Его глаза открылись шире. Секунду казалось – он меня видит.
– Нет, не понимаешь, – возразил он. – Не можешь понимать. Он хочет отдать тебе свою любовь, подлинный, искренний дар, а ты ее отвергаешь. Отпихиваешь из страха.
– Не из страха, скорее это… – Я посмотрела на себя в зеркало над раковиной. Маска вдруг показалась кляпом. Я слушала.
– Я скажу тебе, что я из всего этого вынес, – сказал мистер Пуччи. – Бери то, что люди тебе предлагают. Пей их молочные коктейли. Принимай их любовь.
Музыкальный автомат складская компания доставила мне спустя полгода после его смерти, в пасмурный ноябрьский день 1987 года. В приложенной записке значилось: «Моему товарищу».
У дальней стенки шкафа, на верхней полке, я нашла то, что уже бросила искать: свои старые виниловые пластинки. Спускаясь по лестнице, я останавливалась и вглядывалась в знакомые лица: дядя Эдди, мама и Женева, бабушка в день своей свадьбы. Дольше всего я простояла перед рамкой с клочком маминой картины с летающей ногой. Коснувшись кончика крыла и неба, я легонько провела пальцами по холсту.
Я заполнила музыкальный автомат старыми пластинками, включила его в розетку и сидела в сумерках, купаясь в фиолетовых отсветах.

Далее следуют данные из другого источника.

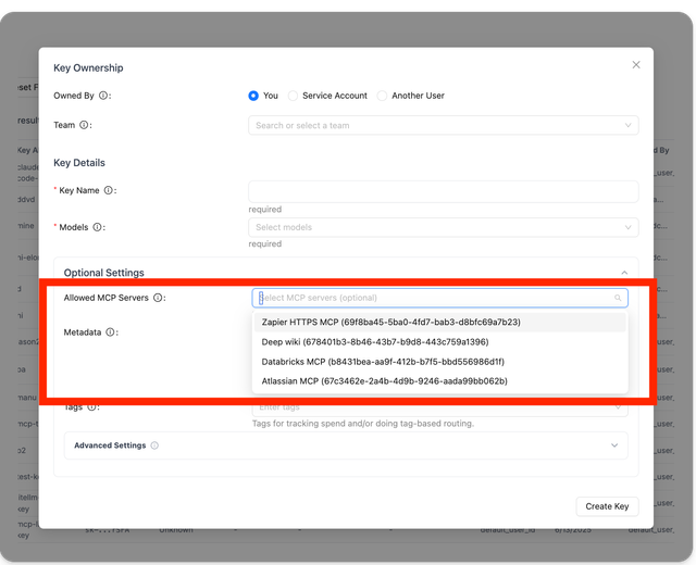 - Restrict MCP access by entity: Control which keys, teams, or organizations can access specific MCP servers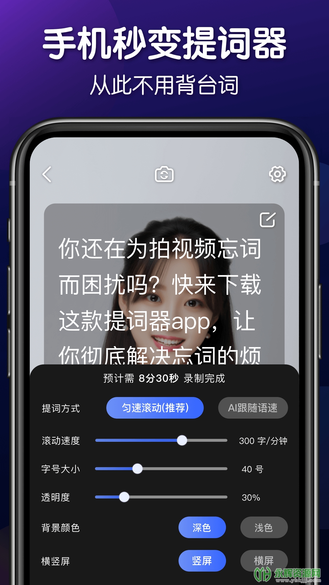 这款软件的特色在于实现自动滚动播放,支持字体、滚动速度等调节。用户只需将文稿粘贴到提词器中,就能实现自动滚动播放,让用户在讲话时能够保持从容淡定。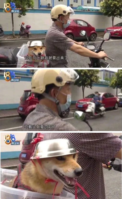 騎車戴頭盔,才能在事故發(fā)生時保護自己……和狗子。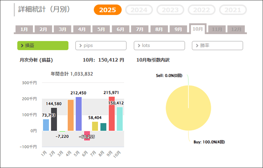 月次分析を見ると、2025年は今のところトータルでプラスです。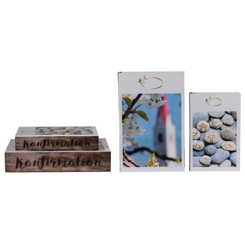 Opbevaringsæske "Konfirmation" fra Speedtsberg – en stilfuld og dekorativ løsning til at pakke gaver ind eller gemme minder for den kommende konfirmand. Æsken fås i både lille og stor størrelse, så du kan vælge den variant, der passer bedst til dit behov. Ideel som sangskjuler eller personlig gaveemballage – kun fantasien sætter grænser!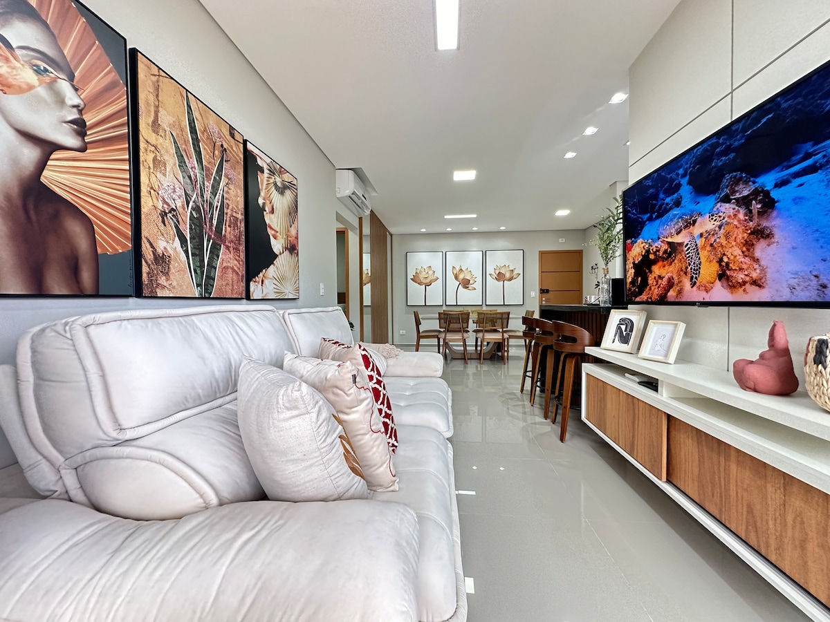 Ciesz się tym, co najlepsze w Ubatuba w tym nowym apartamencie z: 2 łazienki, pościel i ręczniki, grill na balkonie, klimatyzacja szczelinowa 290 metrów od Praia das Toninhas The apartment is Novo, with design signed by architect, super chic, cozy and high-end decor Lokalizacja jest kluczem do tego Airbnb, ponieważ znajduje się kilka kroków od Toninhas Beach i 3 minuty samochodem od Praia Grande Oprócz łatwego dostępu do autostrady zarówno dla plaż południowych, jak i południowych.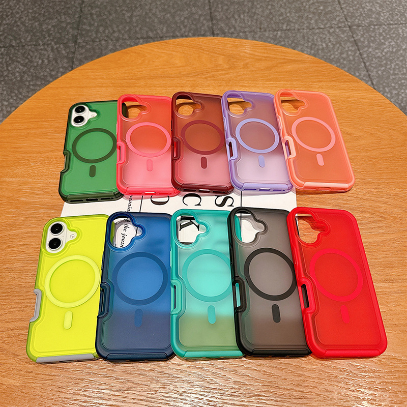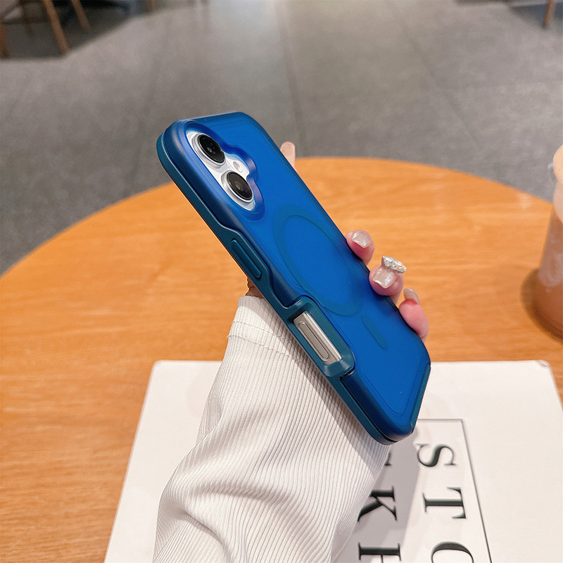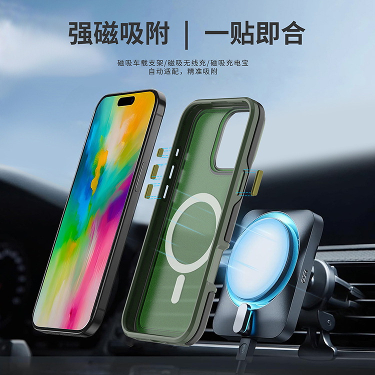 膚感磁吸適用iphone16手機殼磨砂防摔蘋果15promax保護硬殼14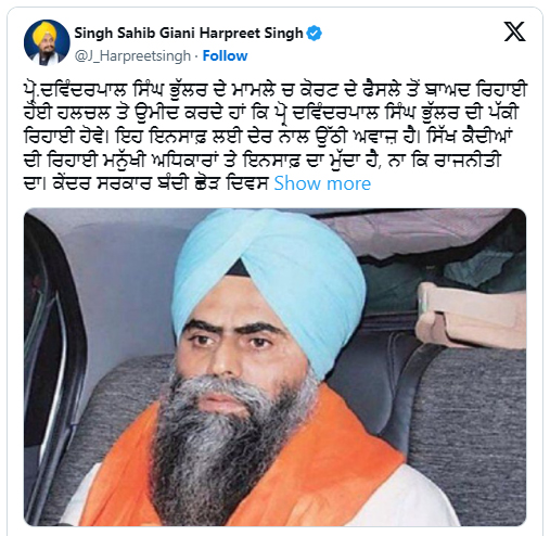 ਉਨ੍ਹਾਂ ਲਿਖਿਆ ਹੈ ਕਿ ਪ੍ਰੋ.ਦਵਿੰਦਰਪਾਲ ਸਿੰਘ ਭੁੱਲਰ ਦੇ ਮਾਮਲੇ ਚ ਕੋਰਟ ਦੇ ਫੈਸਲੇ ਤੋਂ ਬਾਅਦ ਰਿਹਾਈ ਹੋਈ ਹਲਚਲ ਤੋ ਉਮੀਦ ਕਰਦੇ ਹਾਂ ਕਿ ਪ੍ਰੋ ਦਵਿੰਦਰਪਾਲ ਸਿੰਘ ਭੁੱਲਰ ਦੀ ਪੱਕੀ ਰਿਹਾਈ ਹੋਵੇ। ਇਹ ਇਨਸਾਫ਼ ਲਈ ਦੇਰ ਨਾਲ ਉੱਠੀ ਅਵਾਜ਼ ਹੈ। ਸਿੱਖ ਕੈਦੀਆਂ ਦੀ ਰਿਹਾਈ ਮਨੁੱਖੀ ਅਧਿਕਾਰਾਂ ਤੇ ਇਨਸਾਫ਼ ਦਾ ਮੁੱਦਾ ਹੈ, ਨਾ ਕਿ ਰਾਜਨੀਤੀ ਦਾ। ਕੇਂਦਰ ਸਰਕਾਰ ਬੰਦੀ ਛੋੜ ਦਿਵਸ ਮੌਕੇ ਸਾਰੇ ਬੰਦੀ ਸਿੰਘਾਂ ਦੀ ਰਿਹਾਈ ਦਾ ਐਲਾਨ ਕਰਕੇ ਇਸ ਦਿਹਾੜੇ ਨੂੰ ਇਤਿਹਾਸਕ ਬਣਾਏ, ਇਹੀ ਸਿੱਖ ਭਾਵਨਾਵਾਂ ਦੀ ਅਸਲ ਤਰਜ਼ਮਾਨੀ ਹੈ।

Тайер пришел, когда я ему позвонила. Он был в новых бифокальных очках в тонкой металлической оправе. Что-то в его внешности меня ошеломило. Я не могла отвести взгляд.
– Я в них старый, да? – спросил Тайер. – Только честно.
– Ты в них красивый. Поставь мне песню.
– Какую? – спросил он. – Не написано же ничего.
– Любую поставь.
Он нажал на кнопку. Глядя одновременно на стеклянную поверхность и сквозь нее, мы видели себя, а под нами – плавно скользящую в поиске головку звукоснимателя.
– Принимай их любовь… – повторила я.
– Что?
– Ничего. Обними меня.
Уткнувшись ему в грудь, чувствуя сомкнутыми веками его фуфайку, я увидела его. Узнала. Получеловек, полукит.
– Я однажды нарисовала твой портрет, – сказала я, – много лет назад, задолго до нашего знакомства. У тебя были очки в тонкой оправе и все остальное точь-в-точь.
– Нарисовала?
– На «Волшебном экране». Экстрасенс сказала мне нарисовать, что сделает меня счастливой, и я нарисовала тебя. Я тебя хорошо запомнила, прежде чем стрясти изображение.
Тайер прижал меня крепче.
– И что это значит? – спросил он.
– Это значит, что я тебя люблю. И делаю тебе предложение.
– Какое?
– Пожениться. Нам с тобой.
Посмотрев наверх, я увидела слезы в его глазах.
– Хорошо, – сказал Тайер. – Я согласен.